During Miami Swim Week in July, yet another teeny-weeny swimwear trend made waves. Flossy styles — bikinis with extra-long strings that can be wrapped around one’s torso, arms, or legs to replace the need for beachside accessories — joined Tarzan bottoms and upside-down bikinis on the catwalk at the annual event, replacing the high-rise and bandeau swimsuits that dominated in previous years. By pulling the strings taut for maximum crisscrossing, the size of the cups shrink, making flossy bikinis the skimpiest of all the micro styles to come out of 2021. Or so we thought.
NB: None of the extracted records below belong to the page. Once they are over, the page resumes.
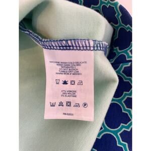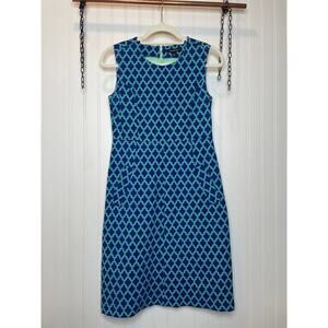 Lands End Teal Print Sleeveless Crew Neck Sheath Dress Womens Size 2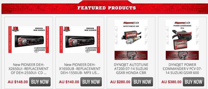 The footer of this eBay shop design is designed specifically for highlighting products in the shop. Owners can showcase new inventory, sale items, items easily overlooked and top sellers! Each tab hosts an individual product with a high resolution image, brief description, and option to “Buy Now” through the Australia eBay shop! The price is in a bold red font so there’s no question about the deal before you!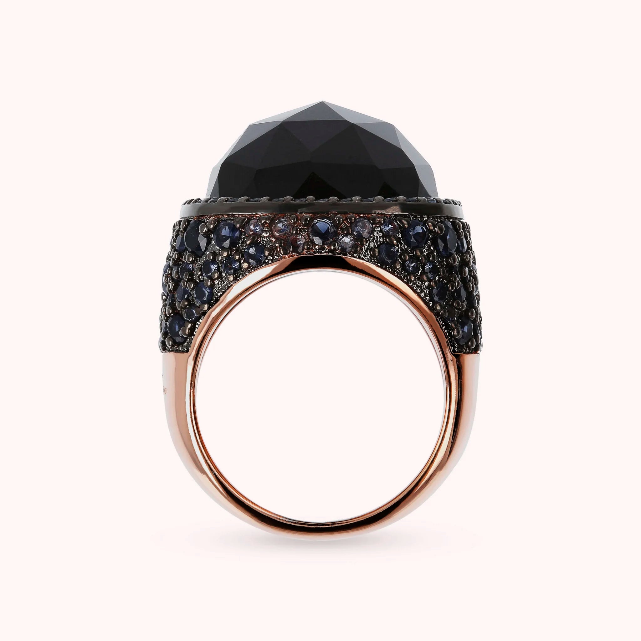 Bronzallure chevalier ring made of Golden Rosé alloy, 18kt rose gold plated, embellished with a faceted natural stone, black onyx, slightly square (16x16 mm) and surrounded by small black luminous cubic zirconia. In the lower part of the stone there is a luminous pavé of small blue cubic zirconia stones.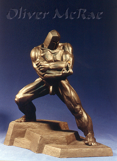 Struggle Driven by an irrepressible passion for figurative art, McRae yet came of age in the time of rabid Modernism, when all realist and literary tendencies were viciously demeaned and damned by the abstract expressionist paradigm. While tenaciously adhering to his figural predilection, McRae also developed a heartfelt regard for the formalist compositions of abstract sculpture, in time visiting Sir Henry Moore at his Much Hadham estate. This sculpture reflects a young artist's attempt to reconcile two monolithic and seeming antithetic worldviews. Moore's sage response to McRae's troubled portfolio was paternal and gracious: "You're doing just fine. Keep up the good work!"
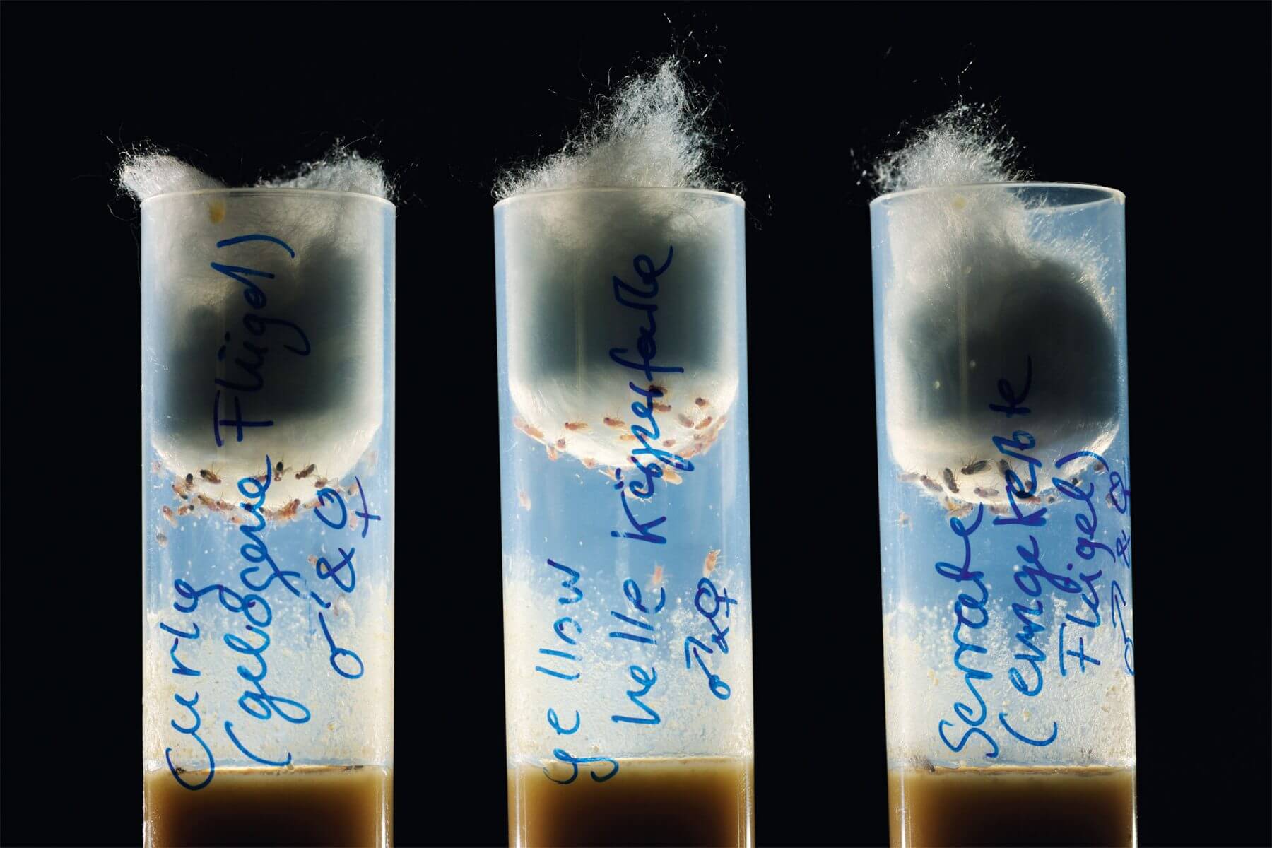 Vous voyez toutes ces grandes armoires le long du couloir ? Elles renferment des millions de drosophiles originaires du monde entier qui vivent et meurent dans des milliers de tubes en verre. La mouche du vinaigre comme on l'appelle est extraordinairement facile à élever. Il suffit de déposer un mélange nutritif au fond d'une éprouvette, d'y mettre quelques moucherons et de stocker le tout à 25°C. Une femelle pond 100 œufs par jour. A ce rythme-là, vous obtenez déjà une nombreuse nouvelle génération dix jours plus tard. Cette fréquence élevée permet toutes sortes d'expériences impensables chez la plupart des autres organismes vivants.

how is everyone wearing their bikinis smack in the middle of their tiddies….we need to talk about tiny nipple privilege
— sara david (@SaraQDavid) August 16, 2021
Swimwear’s final transition into doll-sized silhouettes culminated on an actual beach, in the Cayman Islands on the set of HBO Max’s FBoy Island — a reality TV show that involves a bevy of, well, fuck boys and nice guys competing for the hearts of three women (or a cash prize, depending on which camp they land in). There, despite the many action-packed dates — think: paddleboarding, horseback riding, and more — “bachelorettes” CJ Franco, Nakia Renee, and Sarah Emig spent a majority of the series’ 10 episodes wearing bikinis so small, they could have only been designed for tanning. In other words: NSFW (not safe for water). Then again, to find love, sometimes you have to take risks. Or, as Vice Astrology Editor Sara David put it, enjoy “tiny nipple privilege.”
Coming full circle, Lipa appeared on our Instagram timelines last week, once again wearing a crochet bikini from GCDS that left little to the imagination. This time, the suit featured a handknit cannabis leaf on one “cup” — I’m not sure the tiny crochet circle can be considered such — and a daisy on the other. But while Lipa successfully made the slight two-piece look effortless on Instagram, I know what reaction it would prompt from my mother.
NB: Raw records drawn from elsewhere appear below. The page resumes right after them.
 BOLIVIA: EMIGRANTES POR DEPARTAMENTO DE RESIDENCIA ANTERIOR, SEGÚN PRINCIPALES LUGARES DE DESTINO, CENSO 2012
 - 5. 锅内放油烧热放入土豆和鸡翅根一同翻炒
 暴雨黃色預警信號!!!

Perhaps we should have expected the summer of pint-sized swimwear. We spent the last year-plus in lockdown, wearing bikinis on our rooftops, fire escapes, and backyards rather than vacation. As such, the styles didn’t have to be practical or stand up against rough waves. All they had to do was keep us from waking up after our post-sun naps with a noticeable tan line, which all of the skimpy swimwear trends do with foolproof results.
Sure, your mom, like mine, probably won’t approve. And yes, there’s a good chance you’ll be sent unwillingly to the back yard. But the resulting Insta will be cute, and really, isn’t that all 2021’s lineup of swimwear is for?